-
Notifications
You must be signed in to change notification settings - Fork 71
Installing 4CAT
You can create your own 4CAT instance! While a user-friendly install script is still on the todo list, the instructions below should help you setting up your own instance of the tool.
4CAT has two components, the backend and the web tool. These share some bits of code and a configuration file but apart from that they run independently. Communication between the two happens via a PostgreSQL database.
It is recommended that you run 4CAT on a UNIX-like system (e.g. Linux or MacOS). 4CAT further requires Python 3.7 (lower versions may work but are not supported) and PostgreSQL 9.5. For Windows, we recommend installing Python via Anaconda.
Hardware-wise, it is recommended that you store both the database on a reasonably fast SSD disk. Furthermore, it is recommended that your server is configured with at least 8GB of RAM (but more is better).
Clone the repository somewhere:
git clone https://www.github.com/digitalmethodsinitiative/4cat.git
After cloning the repository, copy config.py-example to config.py and edit
the file to match your machine's configuration. The various options are
explained in the file itself:
cd 4cat
cp config.py-example config.py
nano config.py
Next, install the dependencies. While in the 4CAT root folder, run:
pip3 install -r requirements.txt
This should take care of installing the required third-party libraries. Note that
you may be asked to install some other dependencies. For instance, on Windows the
pyahocorasick library needs to Microsoft Visual C++ Build Tools to be installed.
Two other dependencies cannot be installed through requirements.txt:
- The web interface uses the Font Awesome icon library, which is a commercial product
that cannot be included (it has a free version however, though its license also prevents inclusion).
You should get a copy of Font Awesome and unpack
it into
/webtool/static/fontawesome. The web interface is mostly useable without the icons, but may look odd in a few places. - The sigma.js network module requires sigma.js version 1.2.1.
Just extract the
/sigma.js-1.2.1folder from the zip to thewebtool/static/jsdirectory of your 4CAT instance.

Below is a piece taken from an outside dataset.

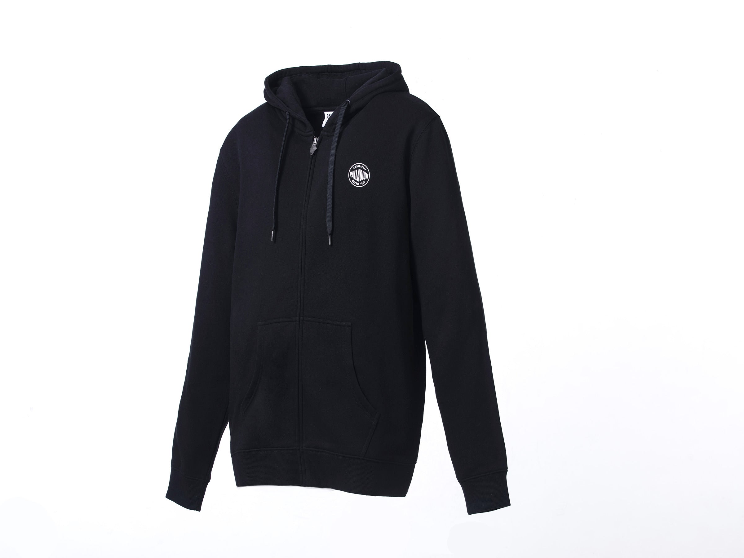 The Core Logo Zip Up Hoody PS (Palladium sleeve) is a soft-touch full zip hooded fleece with a front kangaroo style pocket. and rib knitted cuffs and hem. The zipper pull is a molded metal Palladium logo. The hoody is a double layer 3 piece construction with an adjustable flat draw cord with metal anglets (tips). This hoody features a blend of cotton and polyester in a tight weave that offer warmth. durability and limited shrinkage. The front features a contrast round Core logo printed on the left chest and a large Palladium logo printed on the right sleeve.

Next, you should make sure a database is available for 4CAT. 4CAT requires a
PostgreSQL database to store dataset metadata, the job queue and other assorted
data. You should create the database yourself, and add the database login
details to config.py. After doing so, run the following command to create the
tables, indices, et cetera, required by 4CAT:
psql --user=[username] --dbname=[database name] < backend/database.sql
Replace [username] and [database name] with the relevant values. You may be
prompted for a password.
You can now run 4CAT.
The backend is run as a daemon that can be started and stopped using the
included 4cat-daemon.py script:
python3 4cat-daemon.py start
Other valid arguments are stop, restart and status. Note that if you
change any configuration options, you will need to restart the daemon for the
changes to take effect. For development/testing it may be helpful to run
4cat-daemon.py interactively with the -i switch (i.e., python3 4cat-daemon.py -i start).
This will log output to the terminal as well.
Note: The 4CAT was made to run on a UNIX-like system and the above will not
work on Windows. Instead, running 4cat-daemon.py on Windows will start the
4CAT backend in the terminal window, regardless of the argument given. The
backend can then be quit by entering q, followed by enter.
4CAT logs to 4cat.log in the root folder by default.
The web tool is a Flask app. It is recommended that you run the web tool as a WSGI module: see the Flask documentation for more details. For testing and development, you can run the Flask app locally from the command line. For Mac:
FLASK_APP=webtool flask run
For Windows:
set FLASK_APP=webtool
flask run
With the default configuration, you can now navigate to
http://localhost:5000 where you'll find the web tool that allows you to query
the database and create datasets.
4CAT requires one or more data sources to function. By default, all data sources that
acquire data from third parties are enabled, and these should work out-of-the-box.
Others may be enabled on demand. Notably, the fourchan data source allows
interfacing with a locally stored 4chan archive that can be searched with the
Sphinx full-text search engine.
Data sources may be enabled by adding them to the DATASOURCES configuration
variable in config.py. Refer to the data sources' own README.mds for more
information on how to configure individual data sources. If you add or make changes
to a data source but they don't show up, you can delete the file module_cache.pb
file in the backend folder to start fresh.
While by default the web tool and backend run on the same server, you could set things up so that they run on separate servers instead. Simply only start the backend on one server, and the frontend on the other. If you configure the front end to connect to the database on another server (or vice versa), the backend and front end will be able to communicate.